• **Task objective**
When you set down the entries, keep every word exactly as it is but drop the pictures.

Records from a collection

-=-=-

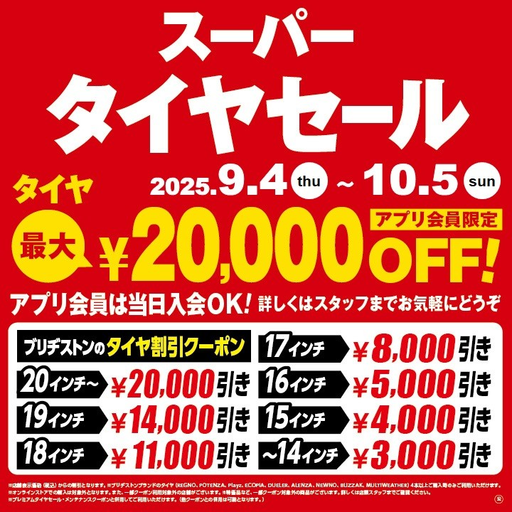 ブリヂストンのタイヤが、最大20,000円引き の
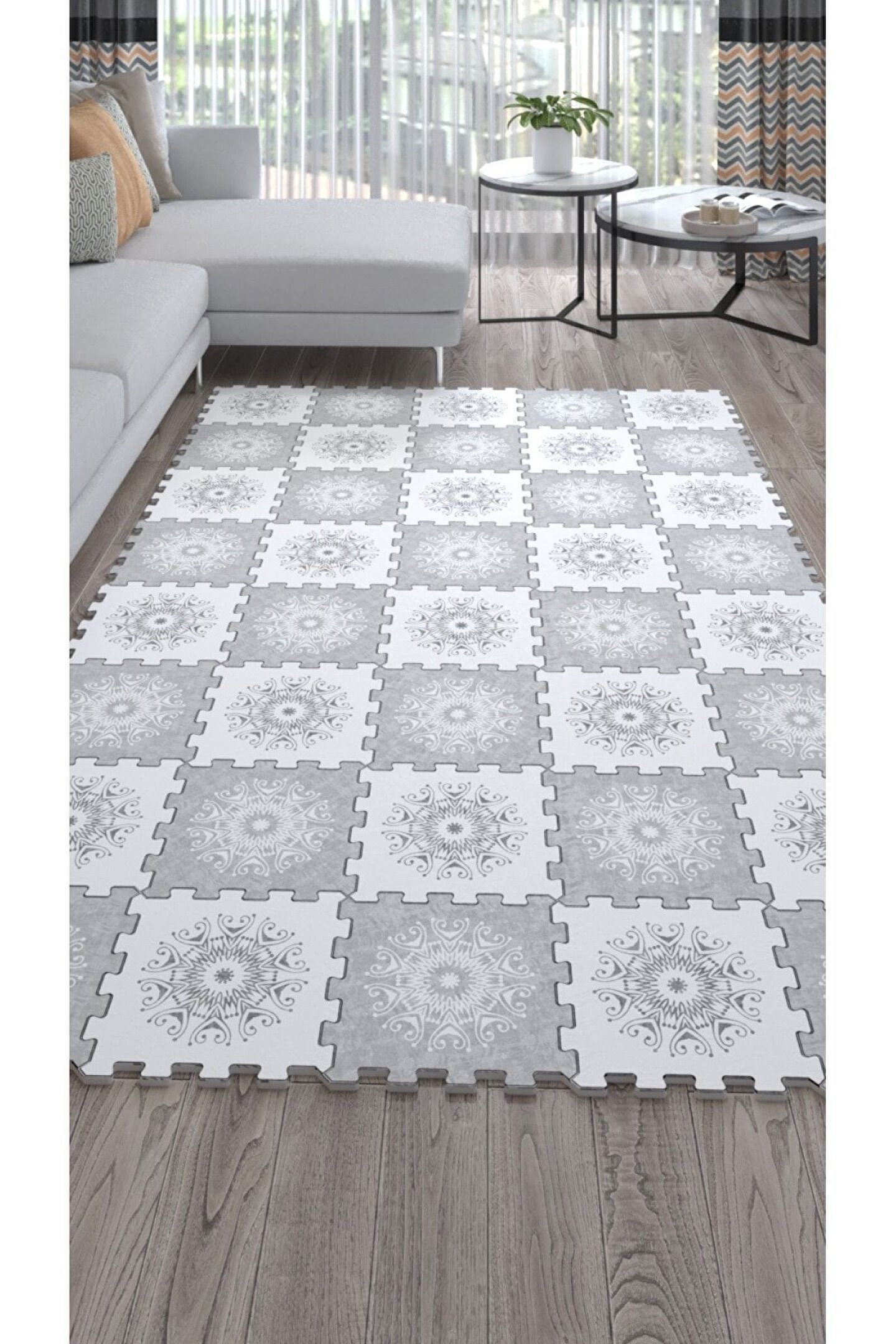 Tokyo Halı Gri Beyaz Desenli Yumuşak Salon Halısı Ths12 | Yapboz Halı | Puzzle Halı
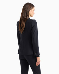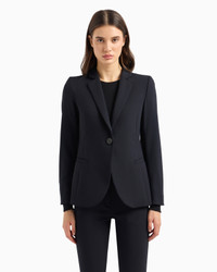 Single-breasted jacket made of stretch virgin wool Berethea fabric, with lapels on the neckline and closure with genuine horn buttons. Thanks to a classic, straight cut, this jacket can be worn everywhere, making it perfect on every occasion, from mornings at the office to after-work drinks. The piece belongs to the Essentials selection, the Emporio Armani capsule collection that makes a statement of enduring style: both elegant and practical, it works for numerous combinations on a wide array of occasions. The colour palette includes the brand’s characteristic neutral shades, combined with a minimalist design to create a series of key pieces for the female wardrobe. Barathea wool Lapel collar Horn button Long sleeves Cuffs with horn buttons Colour-matched lining Product Code: 0NG3BT02002926
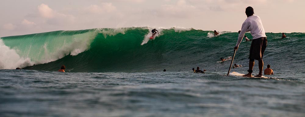 Temples shatter quickly and violently in relatively shallow water. There is typically a smaller crowd here because it takes so long to paddle up the reef, but only advanced-expert surfers are allowed to use it.
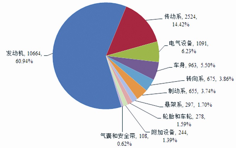 随着机动车保有量不断增加,机动车产品安全问题也备受关注。2018年全国汽车产品缺陷信息采集系统共收到2.48万条消费者提交的汽车产品缺陷线索报告。按缺陷部位所属车辆总成分类,涉及发动机总成的缺陷报告10664例,占60.94%;其次是传动系2524例,占14.42%;电气设备1091例,占6.23%;车身963例,占5.50%;转向系675例,占3.86%;制动系655例,占3.74%;悬架系297例,占1.70%;轮胎和车轮278例,占1.59%;附加设备244例,占1.39%;气囊和安全带108例,占0.62%。

-=-=-

• **Solution to this exercise**
 ブリヂストンのタイヤが、最大20,000円引き の
 Tokyo Halı Gri Beyaz Desenli Yumuşak Salon Halısı Ths12 | Yapboz Halı | Puzzle Halı
 Single-breasted jacket made of stretch virgin wool Berethea fabric, with lapels on the neckline and closure with genuine horn buttons. Thanks to a classic, straight cut, this jacket can be worn everywhere, making it perfect on every occasion, from mornings at the office to after-work drinks. The piece belongs to the Essentials selection, the Emporio Armani capsule collection that makes a statement of enduring style: both elegant and practical, it works for numerous combinations on a wide array of occasions. The colour palette includes the brand’s characteristic neutral shades, combined with a minimalist design to create a series of key pieces for the female wardrobe. Barathea wool Lapel collar Horn button Long sleeves Cuffs with horn buttons Colour-matched lining Product Code: 0NG3BT02002926
 Temples shatter quickly and violently in relatively shallow water. There is typically a smaller crowd here because it takes so long to paddle up the reef, but only advanced-expert surfers are allowed to use it.
 随着机动车保有量不断增加,机动车产品安全问题也备受关注。2018年全国汽车产品缺陷信息采集系统共收到2.48万条消费者提交的汽车产品缺陷线索报告。按缺陷部位所属车辆总成分类,涉及发动机总成的缺陷报告10664例,占60.94%;其次是传动系2524例,占14.42%;电气设备1091例,占6.23%;车身963例,占5.50%;转向系675例,占3.86%;制动系655例,占3.74%;悬架系297例,占1.70%;轮胎和车轮278例,占1.59%;附加设备244例,占1.39%;气囊和安全带108例,占0.62%。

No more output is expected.